Samwise Makers' News
Thursday, June 25, 2026
A Look At A Gaggle Of Transputer Boards
Before supercomputer clusters and multi-core CPUs dominated, the transputer explored distributed task-level parallelism in the 1980s. [Lance Harvie] dusted off his university-era collection and recently expanded it with an eBay find, walking through boards including the single-processor T400 and a T425 quad-processor card bearing late-1990s ST Microelectronics date codes. Designed by UK firm Inmos and programmed in the concurrent Occam language, transputers communicated via high-speed serial links to form parallel computing clusters. Getting them running today requires adapters bridging the ISA bus to modern USB interfaces, but the effort reveals a fascinating and largely forgotten chapter of European semiconductor history.
Laser Scanning a Cave With Homebrew Gear
Mapping a cave with homebrew lidar is already a niche pursuit; [9nl] pushed it further by building the entire scanning rig from the ground up. The core sensor is a surplus Ouster VLP-16 lidar unit, but its 40-degree vertical field of view proved too narrow for capturing real cavern geometry. The fix: mount the unit sideways on a custom rotating belt-drive shaft, sweeping a full 360-degree plane on a second axis and stitching together complete spherical point clouds. Everything — mounting hardware, rotation control, data capture pipeline — was hand-built, yielding dense 3D scans of underground spaces no commercial scanner could practically reach.
VFD Clock Runs on a Single AA
Running a vacuum fluorescent display from a single AA cell is a deceptively tricky power challenge. VFDs need tens of volts to illuminate their phosphor segments, making them an odd match for a 1.2 V NiMH cell — but that is exactly what [Sciter_] built. The design pairs an ATmega328P microcontroller with a 32.768 kHz timing crystal, a salvaged calculator VFD, and an HV5812 shift-register driver chip. A custom transformer-based boost converter steps the cell up to high voltage, while an LM2576-ADJ buck converter handles USB charging separately. Addressable RGB LEDs under the PCB add color underglow, turning a genuine power engineering puzzle into an elegant, compact clock.
Raspberry Pi Locator Website to Shut Down in July
Andre's rpilocator.com — once the definitive stock tracker for finding Raspberry Pi boards at retailers worldwide — is shutting down in July.
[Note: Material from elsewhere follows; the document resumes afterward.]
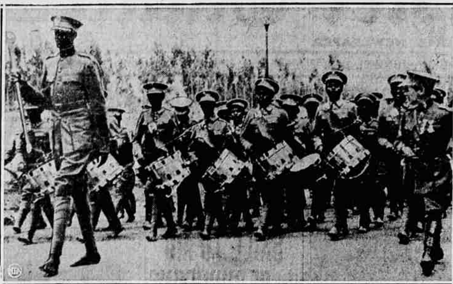
Here is a typical outfit of Ethiopia's bravest, marching through the dusty streets of Addis Ababa. Small chance against Mussolini's modern legions, you may think, but high mountain ranges protect the African kingdom, and forty years ago the soldiers of the "King of Kings" repulsed an Italian invasion with appalling slaughter. That is why Il Duce says Italy "has some debts to pay."

The site served around 11,000 monthly users during and after the chip shortage, helping makers track down boards that vanished from shelves for years. The problem: most online retailers have now blocked the monitoring bot that powers the service, likely caught in the same anti-scraper defenses deployed against AI crawlers. With data feeds drying up, reliable stock tracking has become impossible. Andre has not ruled out a future return if technical conditions change, but for now, Pi hunters are without their most trusted radar.
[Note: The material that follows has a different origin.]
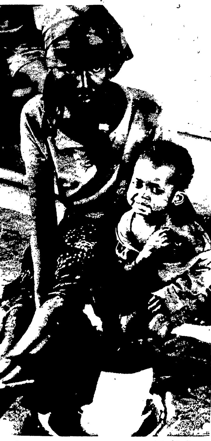
Hungry Biafran Child

The ambassador said his government remained determined to shoot down any plane flying into Biafra without authorization. He said that (Catholic) Caritas' plea to allow its planes to fly during daytime was rejected. Some food is getting into the rebel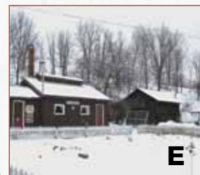
Back Achers Farm, North Rome, PA

Built for boiling maple sap in the spring, these buildings are readily identifiable when in operation due to a billow of steam emanating from them. Small in size, they will have a chimney and may have a large wood pile adjacent to them.

A T9 Keyboard for Your Smartphone
[Jarrett] missed the speed and feel of T9 texting enough to build a dedicated Bluetooth keyboard for his modern smartphone. The build salvages a Nokia E52 keypad, fitting the keys over a custom PCB using Alps SKRK tactile switches wired through a diode matrix to prevent ghosting. An ESP32-C6 handles Bluetooth HID pairing; a TP4200 charger IC and LiPo battery keep the device self-contained. First tests with 0.98 N actuation switches felt mushy; swapping to 1.57 N units nailed the right tactile response. The completed device pairs wirelessly with any modern phone and revives a text-entry style many found faster than touchscreen keyboards.
A BIOS for Your ESP32-C6
[Rompass] built what amounts to a BIOS for the RISC-V ESP32-C6 microcontroller. The project, openc6-bios (github.com/Rompass/openc6-bios), sits between the hardware and user applications, providing a bootloader, a system call API, and the ability to load executables dynamically from RAM — eliminating the need to reflash the chip for every code update. Network loading is supported too, meaning new programs can be pushed wirelessly without a cable. The work pushes the ESP32-C6 beyond its usual role as a fixed firmware target toward something closer to a general-purpose computing environment, with runtime extensibility that opens the door to dynamic application stacks on small embedded hardware.
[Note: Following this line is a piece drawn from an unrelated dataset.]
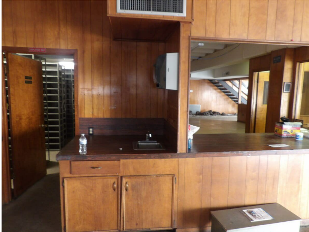
Front Counter 1812 Wayside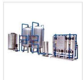
Mineral Water Plant

OSHWA's Open Hardware Summit 2026: Hottest Hardware Event of the Year?
The annual Open Hardware Summit touched down at Technische Universitat Berlin last weekend for a packed day of talks followed by a full Sunday of workshops. Highlights included a proposal for standardized Maker Resilience Kits (MaRK) for community emergency preparedness, a flow battery research project aiming to let makers fabricate their own stationary energy storage, and a frank talk from Mitch Altman on open hardware's future now that Qualcomm owns Arduino. A CircuitPython butterfly-PCB workshop let attendees take their code home. Seeed Studio demoed the reBot arm and the expanding XIAO microcontroller line. All talks are on the OHS YouTube channel.